Trimble is working closely with Microsoft to bring Hololens technology to AEC. Hololens is a wearable, self-contained holographic display computer. Users can interact with 3D models that blend into the view of real objects. The Hololens display can be adjusted on a continuum from ‘real objects only’ to ‘digital model only’ – or anywhere in between. Trimble is working from a deviceagnostic perspective. In addition to Microsoft Hololens, it’s also exploring the use of the Google Tango platform to develop augmented reality applications and Facebook Oculus Rift for virtual reality.

Two on-going pilot projects with very large companies highlight what Trimble is developing.

With engineering giant AECOM, Trimble is developing a system for collaborative review of engineering design from a construction perspective. Engineering data and site data collected by drones are overlaid for viewing inside a Microsoft Hololens display system.
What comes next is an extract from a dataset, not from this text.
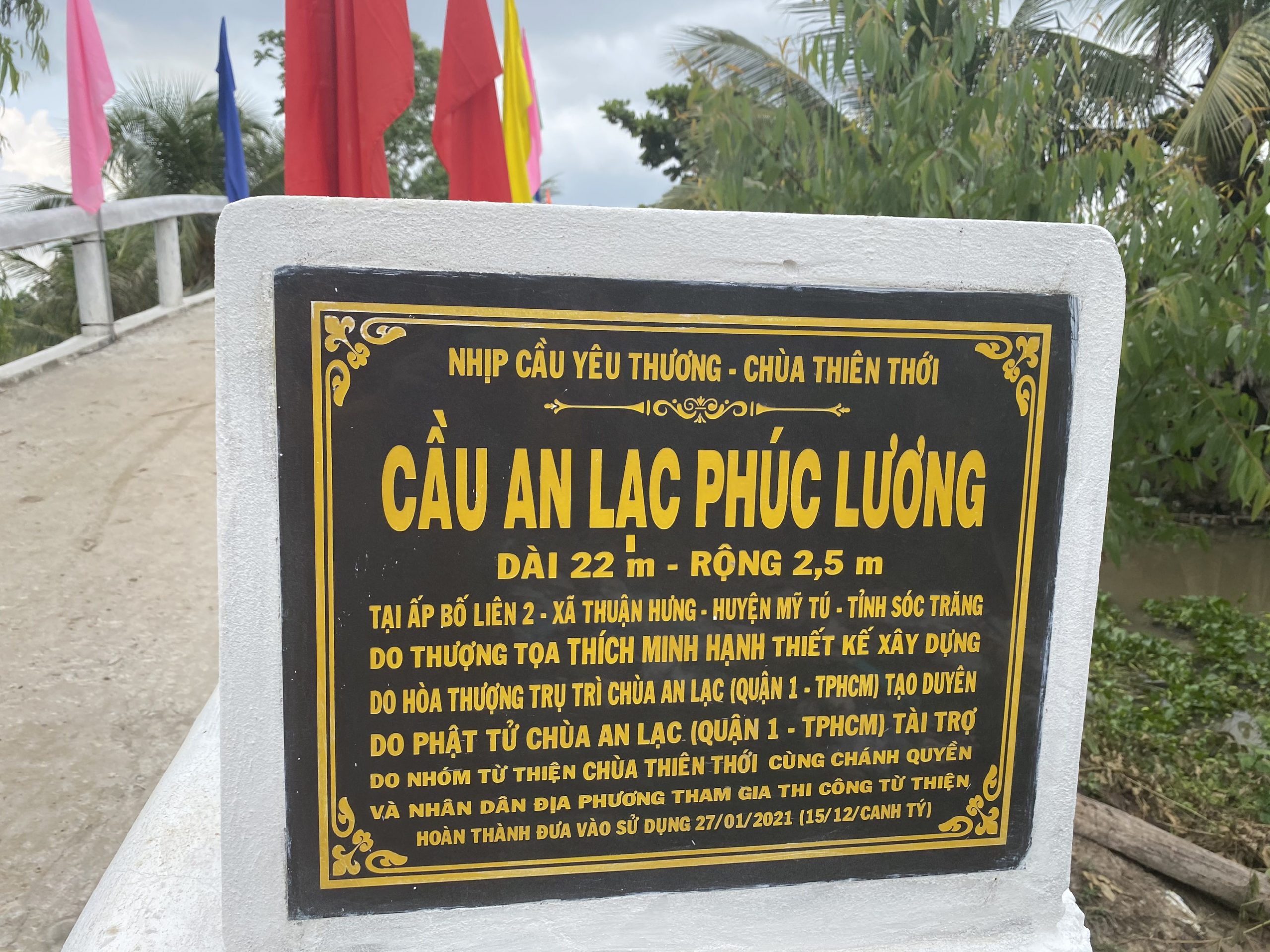 Ngày 18/04/2021 (nhằm ngày mùng 7/03 năm Tân Sửu) khánh thành cầu An Lạc Phúc Lương dài 22 mét, ngang 2,5 mét, tọa lạc tại ấp Bố Liên 2, xã Thuận Hưng, huyện Mỹ Tú, do Hòa thượng Trụ trì cùng quý Phật tử chùa An Lạc (quận 1, TP.HCM) ủng hộ vật tư xây dựng.
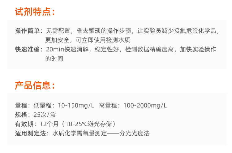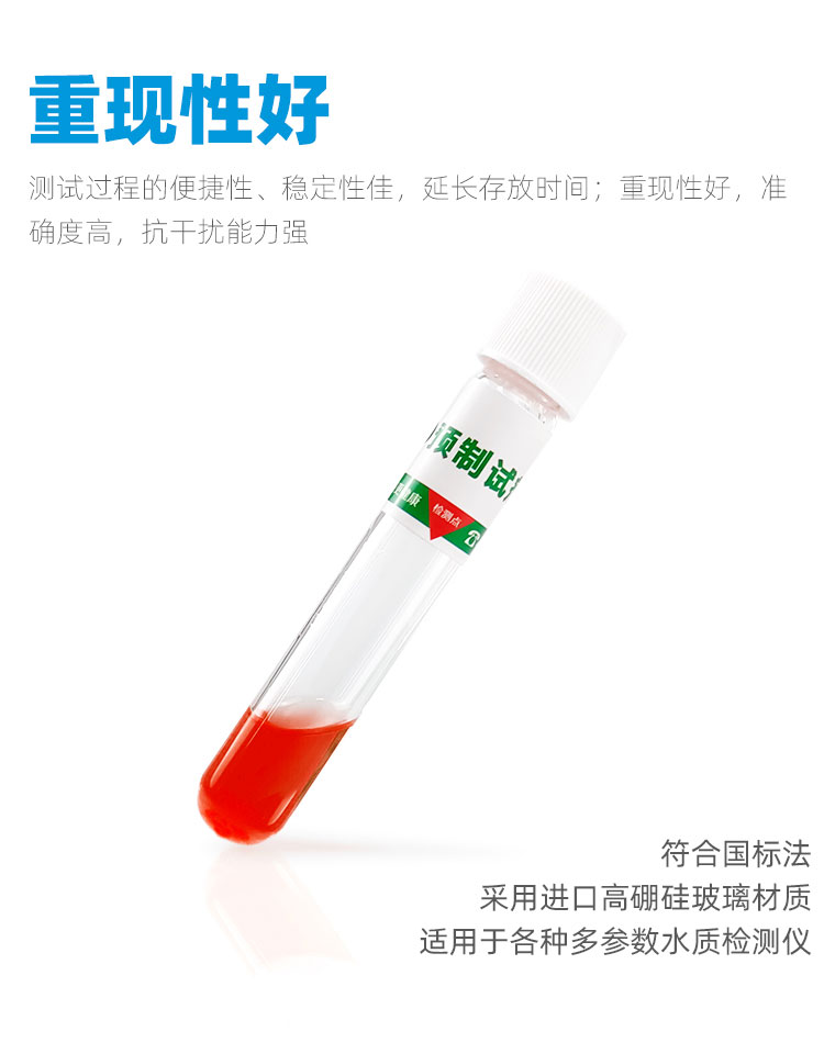 測試過程的便捷性、穩定性佳,延長存放時間;重現性好,準確度高,抗干擾能力強,采用進口高硼硅玻璃材質適用于各種多參數水質檢測儀,作為綠色試劑,減少接觸化學危險品的機會,確保操作人員的身體健康

Design alternatives can be explored in a collaborative context and team members can immediately see how the changes will interact with the existing site.

In June 2016, Trimble announced a mixed reality pilot program with CSCEC Group 1, one of the largest construction firms in China. Similar to the AECOM pilot, drone data will be blended with design, but for construction operational overview, not engineering review. Given the need for on-site collaboration in the Group 1 pilot, the Google Tango tabletbased augmented reality technology may play the lead role from the display side.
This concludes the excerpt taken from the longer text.